New rule requires FINRA firms to investigate applicants an verify registration information through public record searches.

In an attempt to streamline and clarify FINRA members’ obligations relating to background investigations, the Securities and Exchange Commission (SEC) has recently approved FINRA Rule 3110(e): Responsibility of Member to Investigate Applicants for Registration (the “Rule”).

The Rule becomes effective on July 1, 2015, and expands the background investigations that member firms are required to conduct on applicants. Most notable among the Rule’s requirements is a mandate that members adopt written background check procedures that include a national search of “reasonably available” public records as well as a clarification on the timing of the various background check and investigation requirements. The Rule also reiterates an existing requirement that members investigate the good character, business reputation, qualifications and experience of an applicant before registering the applicant with FINRA and encourages members to conduct the newly required public records search prior to filing the Form U4 as a best practice.

Background & Impetus to Rulemaking

FINRA’s Rule 3110(e) is actually based in part on previously existing rules, including NASD Rule 3010(e) and NYSE Rule 345.11. The Rule also incorporates previously existing requirements set forth on the Form U4 that continue to remain in place.1

1. NASD Rule 3010(e)

NASD Rule 3010(e) had previously imposed a responsibility and duty on members to ascertain by investigation the good character, business reputation, qualifications and experience of any person prior to making such a certification in the application of such person for registration with FINRA.

2. Form U4 Requirements

Prior to the Rule, language on the Form U4 imposed certain requirements on firms that continue to remain in place. This includes a requirement that firms take steps to verify the accuracy and completeness of the information provided on the Form U4, and a requirement that firms contact the applicant’s employers from the previous three years and have documentation on file with the names of the persons contacted and the date of contact.

3. NYSE Rule 345.11

In addition, the previously existing NYSE Rule 345.11 also required member organizations to investigate the previous records of persons whom the organization contemplated employing. This investigatory requirement would be satisfied when the member organization fulfilled its aforementioned obligation to verify the information contained in the Form U4. FINRA’s adoption of the Rule is an attempt to consolidate, streamline and clarify all of these previously existing requirements. For example, the aforementioned NASD rule only stated that members had to conduct an investigation before they could make a certification to that effect in a person’s application, but that rule did not explicitly require that the investigation be done before applying for registration with FINRA. So—at least in theory—a firm could try to file for registration without including the certification and without doing the investigation. The new Rule attempts to close these loopholes and sets forth a more streamlined process that is easier for member firms to comply with.

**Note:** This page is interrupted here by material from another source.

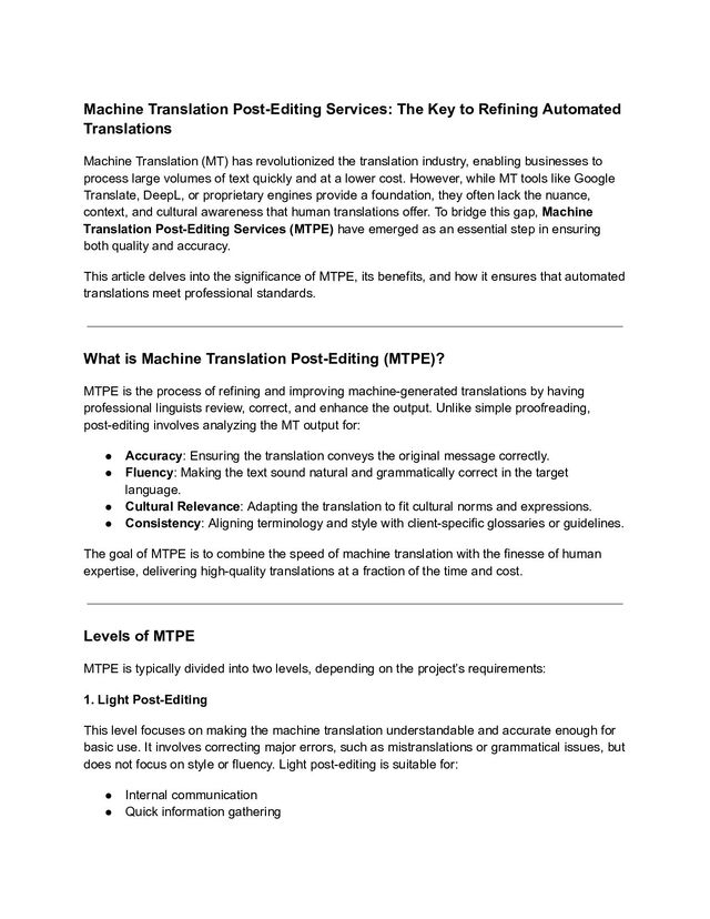 Invest in professional MTPE services to ensure your translated content is polished, accurate, and ready to engage a global audience.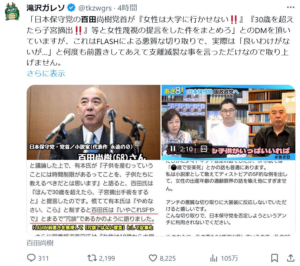 百田と有本はもう党実務から降りて名誉職にでも就いたほうが党のため

Rule 3110(e)'s Requirements on Member Firms

1. Investigation Requirement

First, the Rule clarifies that members must ascertain by investigation the good character, business reputation, qualifications and experiences of an applicant before the member applies to register the applicant with FINRA and before making a representation to that effect on the application for registration. This is essentially a restatement of the previously mentioned NASD rule, but with an explicit clarification that firms must conduct this investigation before applying to register the applicant with FINRA.

2. Verification Requirement

Second, the Rule requires that members “establish and implement written procedures reasonably designed to verify the accuracy and completeness of the information contained in an applicant’s initial or transfer Form U4.” This requirement is elaborated further, stating that a member’s written procedures must, at a minimum, provide for a search of “reasonably available public records.” The public records search can be conducted either by the member firm or through a third-party service provider.

FINRA has stated that the definition of “reasonably available public records” may change over time, but some records it currently believes to be reasonably available include criminal records, bankruptcy records, judgments and liens.2 This is, however, a minimum or base requirement—“firms may find it necessary to conduct a more in-depth search of public records depending on the applicant’s job function, responsibilities, or position at the firm.”3 These additional public records could include civil litigation and business records.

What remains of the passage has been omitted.